BEGIN
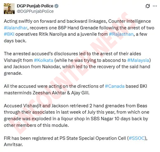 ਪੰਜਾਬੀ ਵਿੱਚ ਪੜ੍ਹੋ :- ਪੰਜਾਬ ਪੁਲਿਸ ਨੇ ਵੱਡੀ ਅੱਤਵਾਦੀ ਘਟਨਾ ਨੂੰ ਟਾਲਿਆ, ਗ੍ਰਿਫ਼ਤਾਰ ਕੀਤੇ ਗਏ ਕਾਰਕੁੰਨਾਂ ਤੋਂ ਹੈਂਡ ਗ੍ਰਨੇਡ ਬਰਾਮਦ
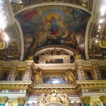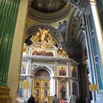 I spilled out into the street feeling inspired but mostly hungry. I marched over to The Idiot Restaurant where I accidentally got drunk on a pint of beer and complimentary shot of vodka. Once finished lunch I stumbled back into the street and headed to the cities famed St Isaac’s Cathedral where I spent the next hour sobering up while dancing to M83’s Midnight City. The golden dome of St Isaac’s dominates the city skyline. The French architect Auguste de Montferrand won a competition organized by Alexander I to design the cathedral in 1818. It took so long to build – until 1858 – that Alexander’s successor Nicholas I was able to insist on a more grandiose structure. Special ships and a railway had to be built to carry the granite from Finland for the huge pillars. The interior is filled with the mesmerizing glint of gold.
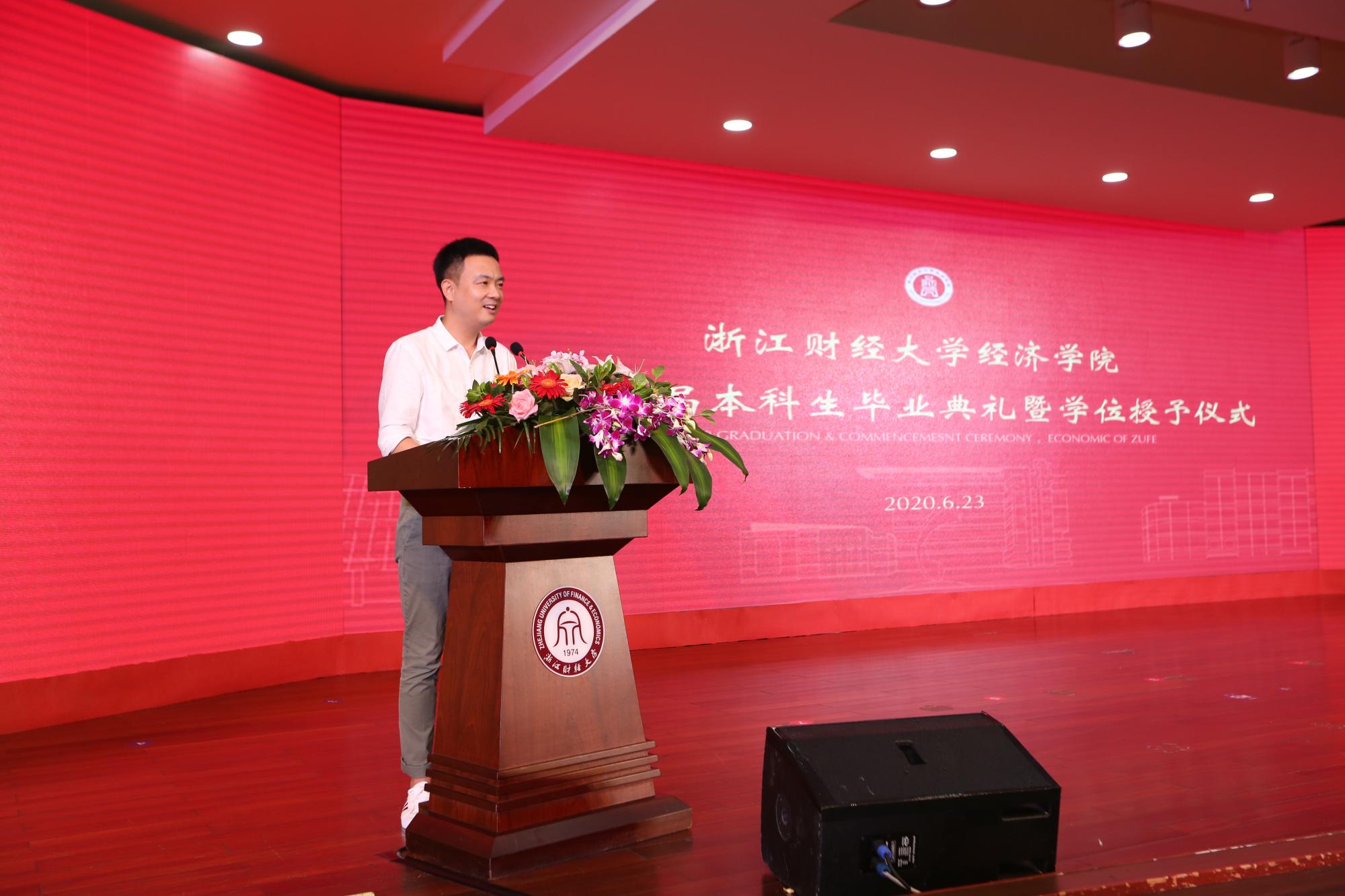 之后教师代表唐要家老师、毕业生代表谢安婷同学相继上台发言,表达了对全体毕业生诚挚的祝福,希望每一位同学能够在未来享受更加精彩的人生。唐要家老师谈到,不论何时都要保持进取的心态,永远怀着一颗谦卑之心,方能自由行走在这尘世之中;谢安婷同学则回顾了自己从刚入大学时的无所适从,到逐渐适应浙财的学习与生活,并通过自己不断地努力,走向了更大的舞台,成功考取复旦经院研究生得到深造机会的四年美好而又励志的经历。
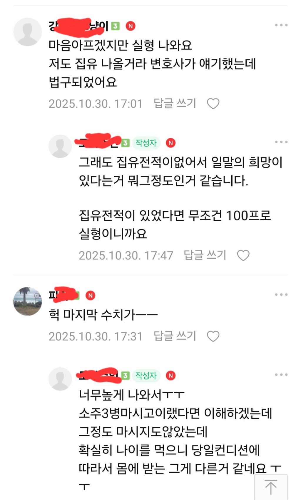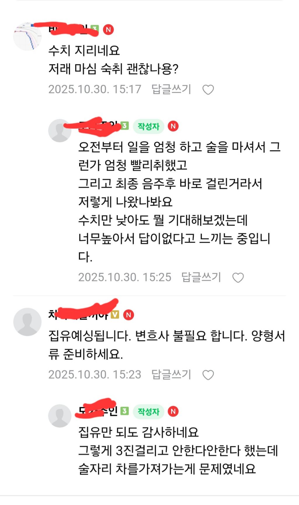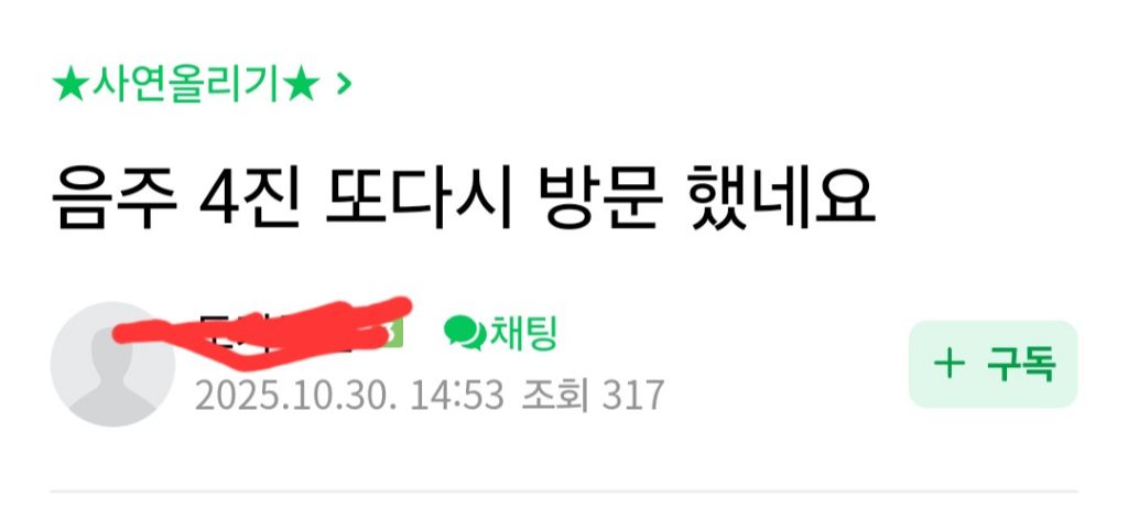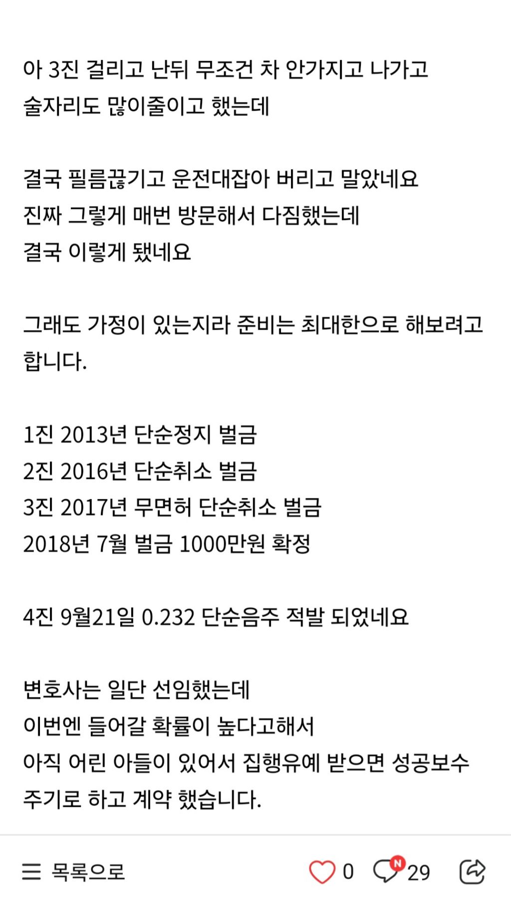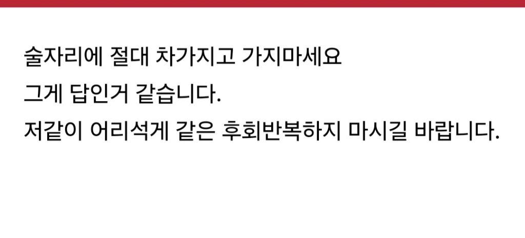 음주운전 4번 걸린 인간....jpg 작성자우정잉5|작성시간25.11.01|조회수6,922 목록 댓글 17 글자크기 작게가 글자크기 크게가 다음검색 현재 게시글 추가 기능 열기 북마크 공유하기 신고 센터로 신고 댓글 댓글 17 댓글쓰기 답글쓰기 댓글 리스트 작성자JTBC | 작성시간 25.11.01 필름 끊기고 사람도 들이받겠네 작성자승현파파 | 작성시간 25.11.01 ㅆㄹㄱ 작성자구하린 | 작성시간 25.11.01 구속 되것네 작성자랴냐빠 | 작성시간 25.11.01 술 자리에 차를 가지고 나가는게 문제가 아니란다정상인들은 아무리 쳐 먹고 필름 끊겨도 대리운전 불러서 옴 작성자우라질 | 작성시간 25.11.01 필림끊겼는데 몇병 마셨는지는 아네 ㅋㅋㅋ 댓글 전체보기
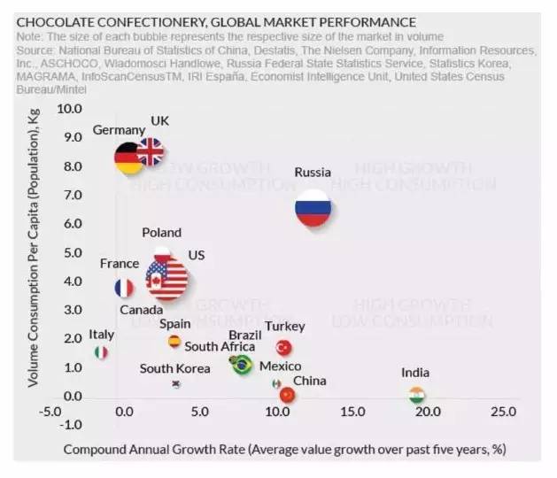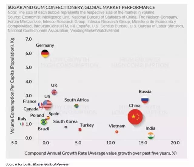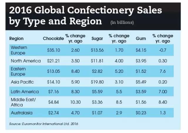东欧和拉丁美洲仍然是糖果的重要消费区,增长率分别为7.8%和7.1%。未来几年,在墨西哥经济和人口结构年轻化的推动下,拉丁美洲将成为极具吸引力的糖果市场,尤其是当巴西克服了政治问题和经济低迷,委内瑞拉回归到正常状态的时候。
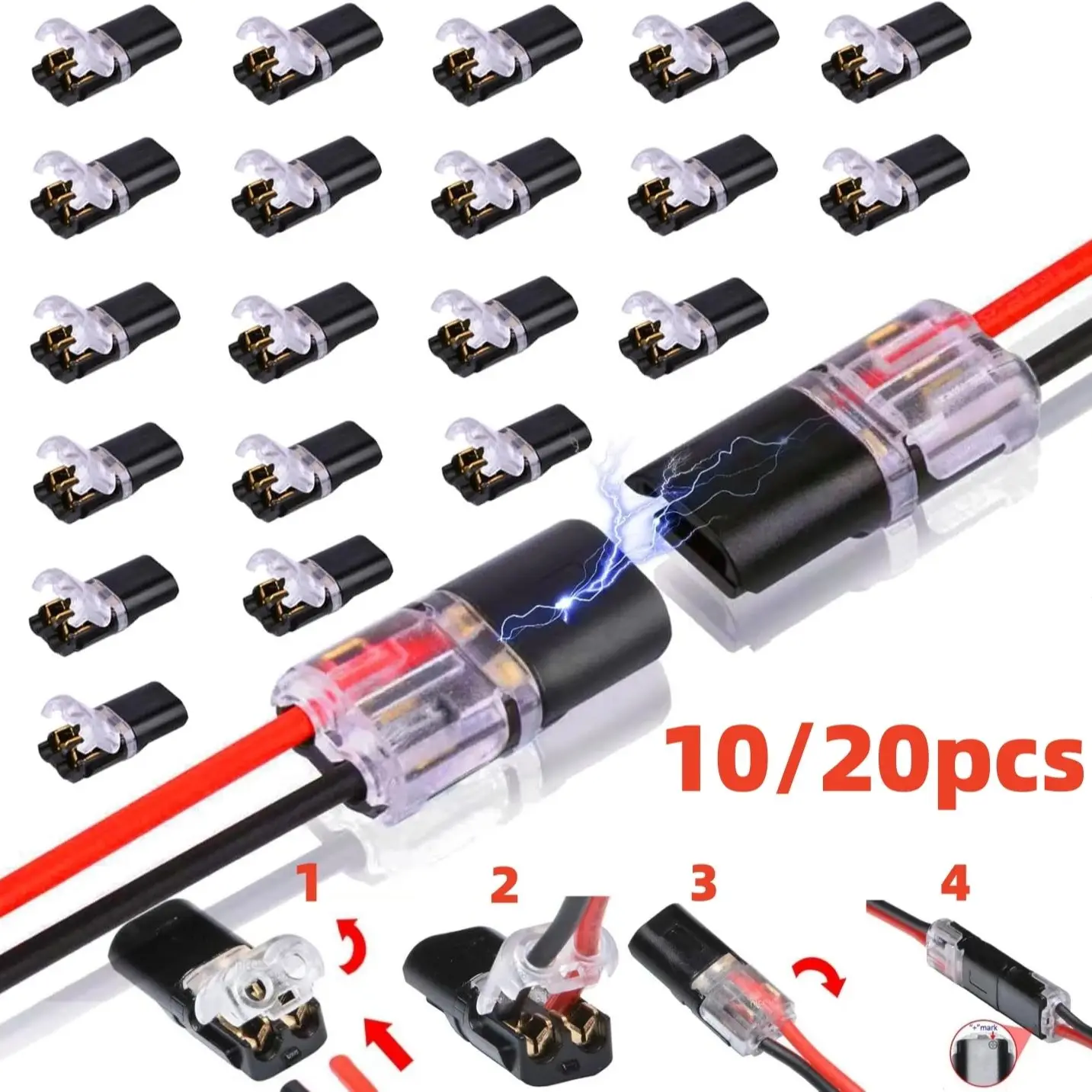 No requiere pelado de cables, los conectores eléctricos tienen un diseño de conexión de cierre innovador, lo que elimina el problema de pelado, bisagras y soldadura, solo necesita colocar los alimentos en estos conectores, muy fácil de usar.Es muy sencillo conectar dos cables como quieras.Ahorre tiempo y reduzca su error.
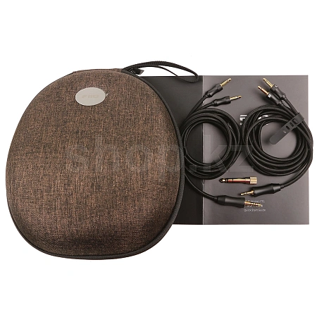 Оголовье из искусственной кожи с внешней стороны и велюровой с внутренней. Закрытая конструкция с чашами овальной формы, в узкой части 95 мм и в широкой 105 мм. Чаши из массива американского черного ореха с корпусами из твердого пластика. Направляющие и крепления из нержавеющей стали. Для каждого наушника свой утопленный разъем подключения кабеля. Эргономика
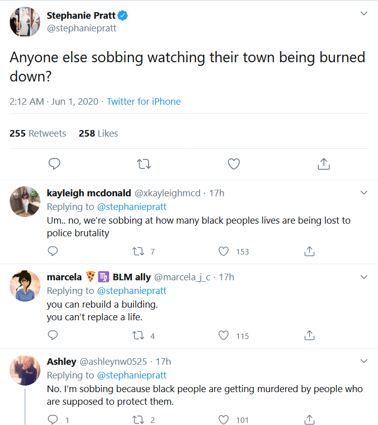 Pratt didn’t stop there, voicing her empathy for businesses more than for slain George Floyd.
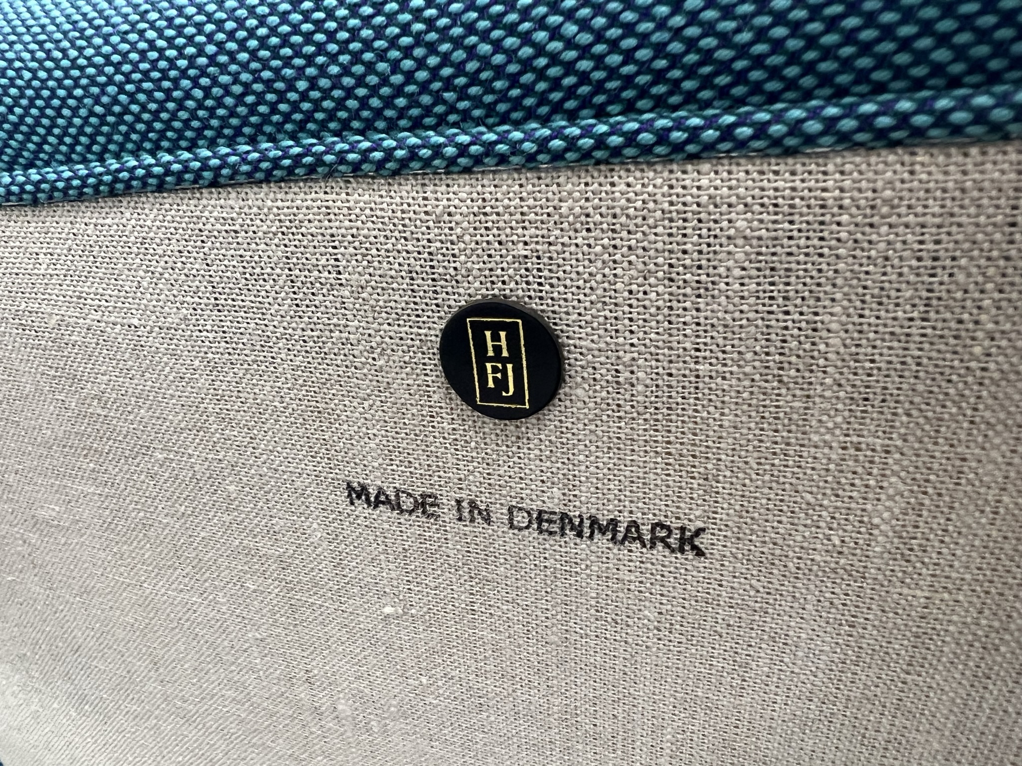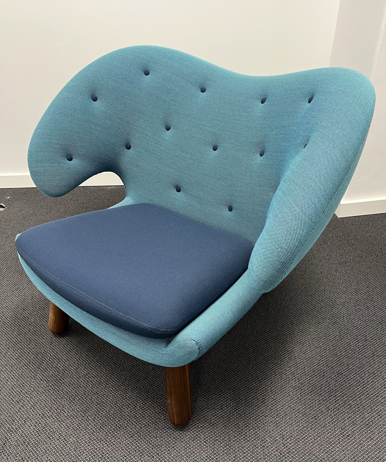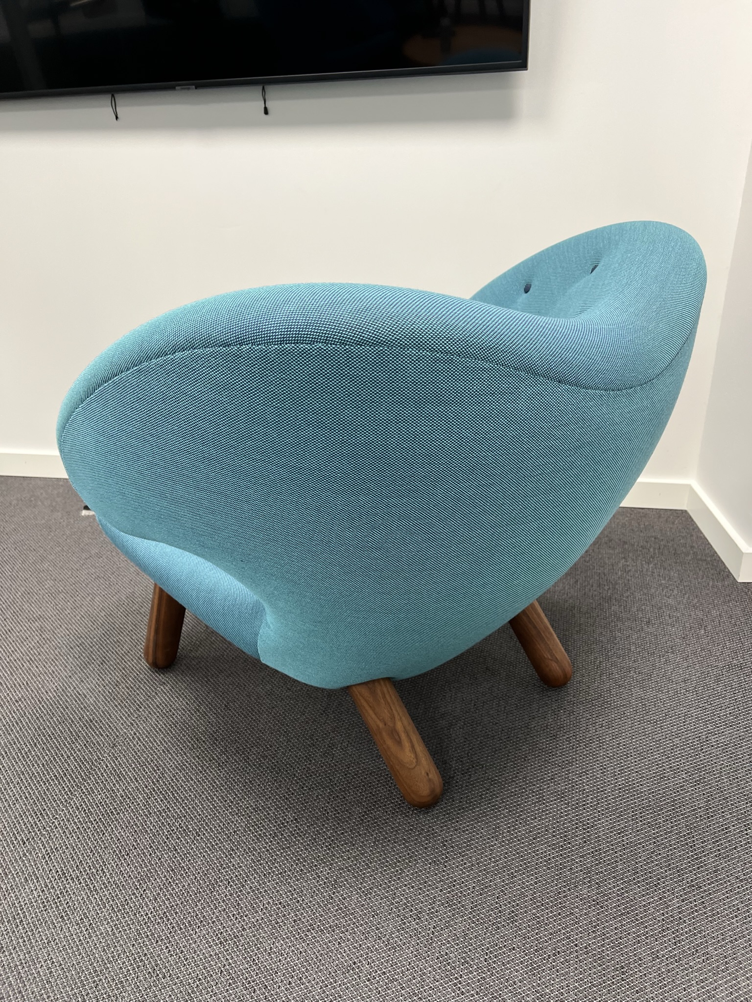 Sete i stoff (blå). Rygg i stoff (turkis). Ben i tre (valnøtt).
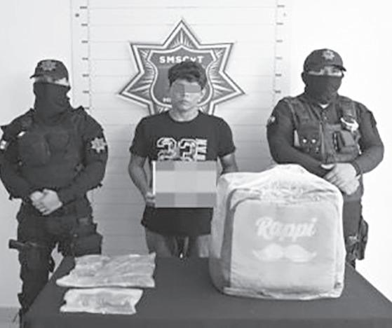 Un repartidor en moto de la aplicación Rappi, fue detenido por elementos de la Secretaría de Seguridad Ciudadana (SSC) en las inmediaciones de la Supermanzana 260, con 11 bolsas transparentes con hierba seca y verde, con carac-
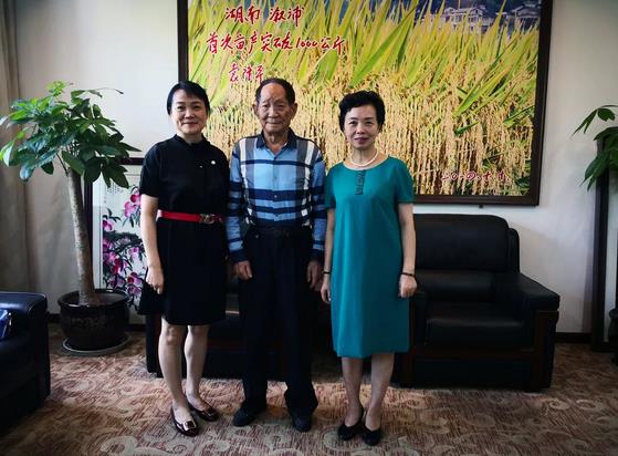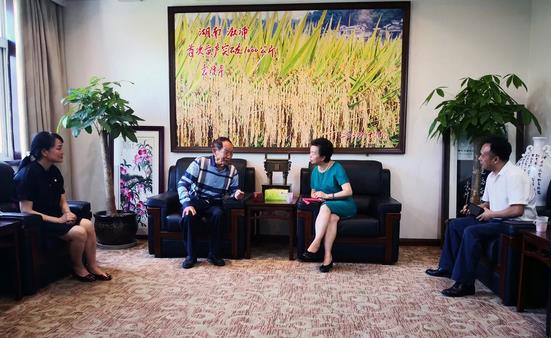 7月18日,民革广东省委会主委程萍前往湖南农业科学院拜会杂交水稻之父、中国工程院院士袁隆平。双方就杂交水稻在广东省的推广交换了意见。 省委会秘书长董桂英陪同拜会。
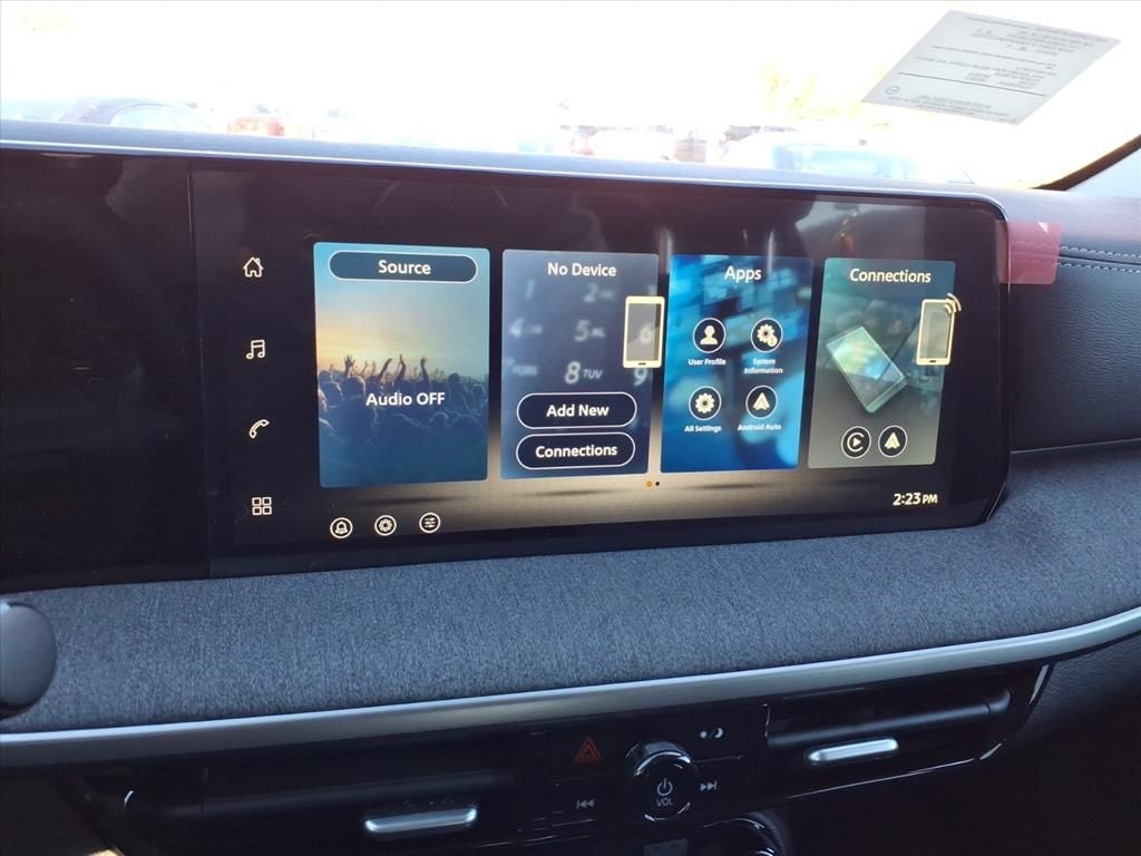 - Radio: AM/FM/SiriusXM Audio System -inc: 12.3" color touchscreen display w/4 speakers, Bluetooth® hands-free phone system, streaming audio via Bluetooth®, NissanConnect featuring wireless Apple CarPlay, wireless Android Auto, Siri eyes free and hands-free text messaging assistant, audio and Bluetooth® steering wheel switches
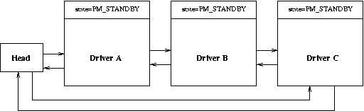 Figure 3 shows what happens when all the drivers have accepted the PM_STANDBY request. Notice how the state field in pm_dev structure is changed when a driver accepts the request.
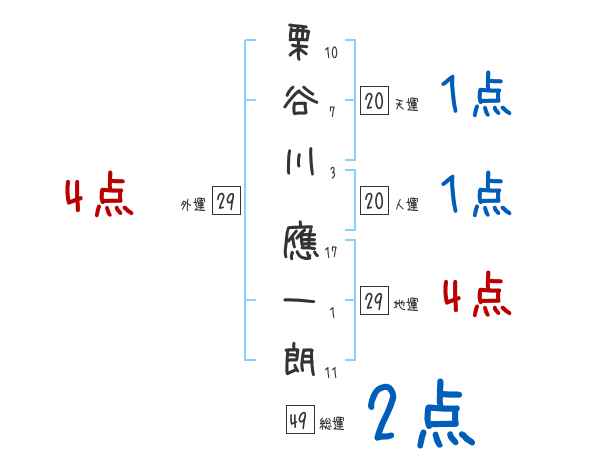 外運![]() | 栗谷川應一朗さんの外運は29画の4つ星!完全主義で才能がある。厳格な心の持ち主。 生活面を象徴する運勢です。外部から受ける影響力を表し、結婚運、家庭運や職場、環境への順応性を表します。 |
END
**WHAT YOU HAVE TO DO**
Do not include the pictures. Quote only the lines from the line with "- Radio: AM/FM/SiriusXM" through the end of the material, both ends included, exactly.

**COMPLETED EXERCISE**
 - Radio: AM/FM/SiriusXM Audio System -inc: 12.3" color touchscreen display w/4 speakers, Bluetooth® hands-free phone system, streaming audio via Bluetooth®, NissanConnect featuring wireless Apple CarPlay, wireless Android Auto, Siri eyes free and hands-free text messaging assistant, audio and Bluetooth® steering wheel switches
 Figure 3 shows what happens when all the drivers have accepted the PM_STANDBY request. Notice how the state field in pm_dev structure is changed when a driver accepts the request.
 外運![]() | 栗谷川應一朗さんの外運は29画の4つ星!完全主義で才能がある。厳格な心の持ち主。 生活面を象徴する運勢です。外部から受ける影響力を表し、結婚運、家庭運や職場、環境への順応性を表します。 |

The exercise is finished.